Talent management process within an organization is all about identifying empty positions, recruiting suitable candidates, developing their potentials to suit the vacant position, retaining them well enough for them to reach long-term career goals, and then developing further ways of using these talents in the future for development. But it is not as easy as that. There are a lot of hidden challenges and traps waiting to catch those uneducated people who are lured by the glamour and glitter of an entry level job. A talent management process should be a collaborative effort between an employer and an employee. An employer would like to see his potential employees develop into productive employees while an employee would like to see his capability get enhanced with increment in salary and bonus. These two parties have to come together and find a way of co-existing with each other.
The first step in any talent management process is identifying open and available positions in an organization. Every company has a certain amount of vacant positions in its workforce. For example, every manufacturing company would have an inventory of its products that they have to keep checking on their stocks at all times. Each of these companies would have some field sales representatives or supervisors who are responsible for recruiting suitable recruits and training them so that they become efficient at their core job functions. A recruitment process thus, should start from the very first step.
The second step in such a talent management process is finding out who among those millions of employees is good and talented and would be a great asset to the company? This involves research and assessment of the employees. To arrive at such a conclusion, interviews are conducted, and based on the answers of the interviewee, the HR executives will have a better idea about what kind of a worker would fit into the company’s set of requirements.

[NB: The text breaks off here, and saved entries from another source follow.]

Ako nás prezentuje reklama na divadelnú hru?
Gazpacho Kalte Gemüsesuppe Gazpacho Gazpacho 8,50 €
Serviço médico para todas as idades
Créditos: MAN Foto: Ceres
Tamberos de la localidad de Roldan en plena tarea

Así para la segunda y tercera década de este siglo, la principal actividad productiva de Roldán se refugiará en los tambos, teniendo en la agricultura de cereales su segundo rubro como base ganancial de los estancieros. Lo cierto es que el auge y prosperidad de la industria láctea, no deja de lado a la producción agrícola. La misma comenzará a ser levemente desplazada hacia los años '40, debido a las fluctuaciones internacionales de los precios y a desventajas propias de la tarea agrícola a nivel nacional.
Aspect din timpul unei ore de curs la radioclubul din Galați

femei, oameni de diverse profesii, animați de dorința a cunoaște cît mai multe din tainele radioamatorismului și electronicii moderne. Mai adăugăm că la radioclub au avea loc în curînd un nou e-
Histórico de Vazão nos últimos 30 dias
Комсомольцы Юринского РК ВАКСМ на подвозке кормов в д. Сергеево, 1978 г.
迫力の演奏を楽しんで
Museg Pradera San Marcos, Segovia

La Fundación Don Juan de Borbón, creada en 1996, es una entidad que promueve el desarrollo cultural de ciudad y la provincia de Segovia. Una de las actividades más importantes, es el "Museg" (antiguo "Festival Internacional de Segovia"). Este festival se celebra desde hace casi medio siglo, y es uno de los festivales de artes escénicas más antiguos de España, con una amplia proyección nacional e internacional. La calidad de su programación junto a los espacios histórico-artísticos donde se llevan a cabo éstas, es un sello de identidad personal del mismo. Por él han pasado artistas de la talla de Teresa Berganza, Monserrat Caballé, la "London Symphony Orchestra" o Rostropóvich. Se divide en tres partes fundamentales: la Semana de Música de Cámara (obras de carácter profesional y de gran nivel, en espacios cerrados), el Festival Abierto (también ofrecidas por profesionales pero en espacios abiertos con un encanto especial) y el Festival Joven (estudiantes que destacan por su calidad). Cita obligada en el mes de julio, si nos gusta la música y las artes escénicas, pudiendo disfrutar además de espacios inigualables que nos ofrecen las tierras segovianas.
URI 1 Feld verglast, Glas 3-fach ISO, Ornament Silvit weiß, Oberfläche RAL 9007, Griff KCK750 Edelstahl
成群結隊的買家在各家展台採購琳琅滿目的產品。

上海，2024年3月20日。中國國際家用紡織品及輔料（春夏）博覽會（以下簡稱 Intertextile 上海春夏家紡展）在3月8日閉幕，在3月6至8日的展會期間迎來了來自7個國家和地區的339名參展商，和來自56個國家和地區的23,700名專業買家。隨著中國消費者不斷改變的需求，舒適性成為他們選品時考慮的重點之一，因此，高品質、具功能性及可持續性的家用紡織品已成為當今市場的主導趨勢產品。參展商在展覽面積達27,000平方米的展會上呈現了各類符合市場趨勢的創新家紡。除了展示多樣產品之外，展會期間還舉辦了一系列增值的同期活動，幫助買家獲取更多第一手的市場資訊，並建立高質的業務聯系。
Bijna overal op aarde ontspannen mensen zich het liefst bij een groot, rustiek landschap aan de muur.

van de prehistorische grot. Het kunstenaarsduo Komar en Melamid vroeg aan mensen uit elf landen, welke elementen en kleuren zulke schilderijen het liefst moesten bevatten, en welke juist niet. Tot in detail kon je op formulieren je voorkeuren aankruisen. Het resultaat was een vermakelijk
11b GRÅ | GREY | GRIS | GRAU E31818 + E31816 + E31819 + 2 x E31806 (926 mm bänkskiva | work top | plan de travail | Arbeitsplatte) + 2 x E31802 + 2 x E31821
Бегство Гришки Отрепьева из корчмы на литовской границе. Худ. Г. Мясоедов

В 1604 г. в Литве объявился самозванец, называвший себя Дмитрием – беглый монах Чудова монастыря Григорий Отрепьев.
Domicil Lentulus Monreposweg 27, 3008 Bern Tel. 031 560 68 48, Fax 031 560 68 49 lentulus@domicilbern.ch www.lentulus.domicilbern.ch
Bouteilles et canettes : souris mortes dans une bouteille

The next step is for the recruiter to identify those employees who meet the prerequisites for the open positions. Usually the process is followed by a training program for the employees, to ensure that they know what to expect from the job, especially regarding the tasks and obligations that they would be expected to undertake.
An important part of the talent management process is making sure that the candidates who are identified for an interview are the best of their breed and are fit for the job. It is important to note that the company may not necessarily be hiring a candidate who fits the description exactly. Sometimes the organization needs to retain someone who is less qualified than the ideal candidate, because the person has the potential of exceeding the minimum standard of performance. In such cases, the organization may need to take a certain level of risk. However, the organization will need to make sure that the risks are proportionate to the benefits that will result from retaining the candidate.
Once the pre-screening process has been completed, the next step in the talent management process is recruiting appropriate people for the job. Again, the steps involved here will depend on the nature of the company, as some companies may focus more on results and others on the process of attracting and developing talent. While recruiting may not be the primary objective of a talent manager, it is still an integral part of the entire process. For example, a company that excels at creating innovative products may have a recruiter who focuses primarily on finding people with the right creative spark for the job. In contrast, a search firm that caters to sales support functions may have someone on their team who can recruit and train people on strategies to help them retain sales. Regardless of whether recruiting is the primary or secondary goal of a company, it is necessary for it to be an ongoing activity.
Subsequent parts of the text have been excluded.